» MATERIALS PROVIDED:
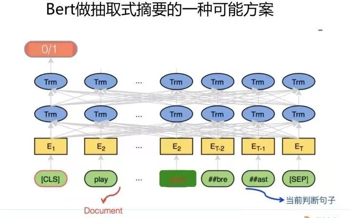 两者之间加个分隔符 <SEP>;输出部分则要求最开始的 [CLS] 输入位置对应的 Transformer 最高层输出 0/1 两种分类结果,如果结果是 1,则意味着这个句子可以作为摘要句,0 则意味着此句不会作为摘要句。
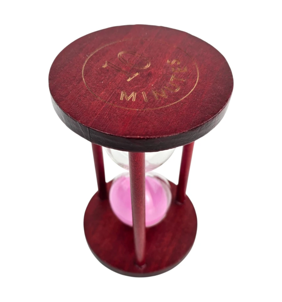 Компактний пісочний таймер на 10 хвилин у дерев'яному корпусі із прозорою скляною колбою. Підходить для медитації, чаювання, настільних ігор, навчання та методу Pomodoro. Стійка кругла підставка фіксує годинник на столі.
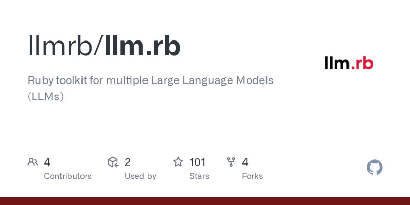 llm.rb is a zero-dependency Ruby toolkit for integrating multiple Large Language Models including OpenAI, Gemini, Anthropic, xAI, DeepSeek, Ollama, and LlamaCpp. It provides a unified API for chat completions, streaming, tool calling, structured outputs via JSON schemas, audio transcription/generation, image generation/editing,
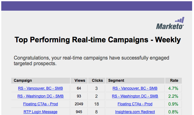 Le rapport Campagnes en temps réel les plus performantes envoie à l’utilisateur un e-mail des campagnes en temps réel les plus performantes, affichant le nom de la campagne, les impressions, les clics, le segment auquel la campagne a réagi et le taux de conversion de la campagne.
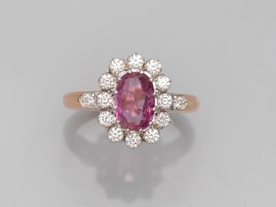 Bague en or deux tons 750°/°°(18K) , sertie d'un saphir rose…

* * *

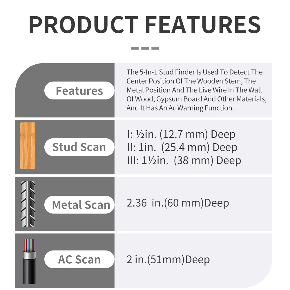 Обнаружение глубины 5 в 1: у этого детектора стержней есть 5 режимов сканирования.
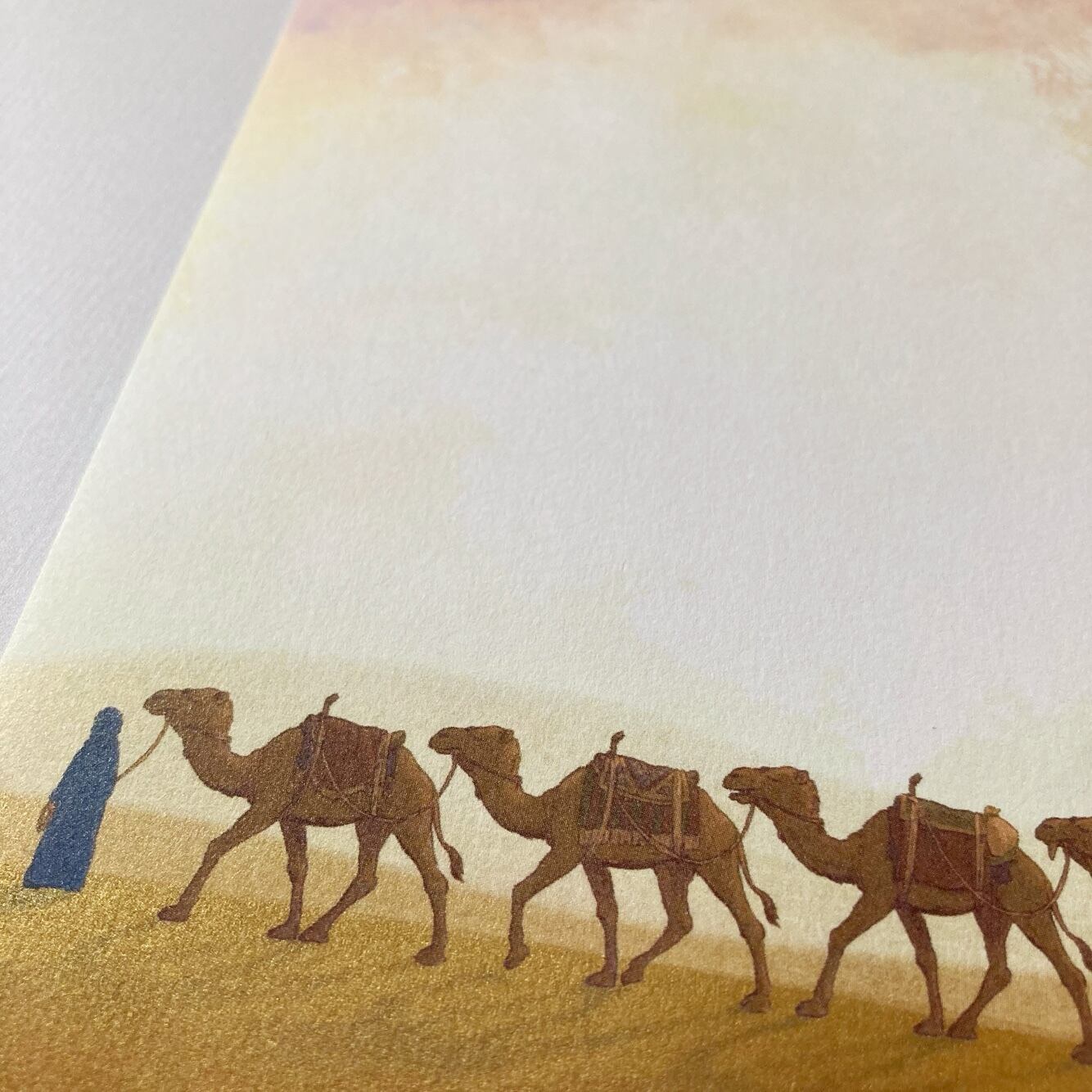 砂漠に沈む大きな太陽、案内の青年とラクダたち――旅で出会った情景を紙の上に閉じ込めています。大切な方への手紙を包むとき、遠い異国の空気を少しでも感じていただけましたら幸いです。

---

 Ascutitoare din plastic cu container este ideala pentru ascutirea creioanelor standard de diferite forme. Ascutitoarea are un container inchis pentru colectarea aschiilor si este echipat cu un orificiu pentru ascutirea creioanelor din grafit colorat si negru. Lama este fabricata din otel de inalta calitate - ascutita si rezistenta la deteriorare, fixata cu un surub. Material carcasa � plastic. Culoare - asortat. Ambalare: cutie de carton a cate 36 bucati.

» WORK REQUIRED: From the records above, write out exactly the lines that begin at the line with "Обнаружение глубины 5" and end at the line with "砂漠に沈む大きな太陽、案内の". Pictures must not appear in the output.

» EXERCISE OUTPUT:
 Обнаружение глубины 5 в 1: у этого детектора стержней есть 5 режимов сканирования.
 砂漠に沈む大きな太陽、案内の青年とラクダたち――旅で出会った情景を紙の上に閉じ込めています。大切な方への手紙を包むとき、遠い異国の空気を少しでも感じていただけましたら幸いです。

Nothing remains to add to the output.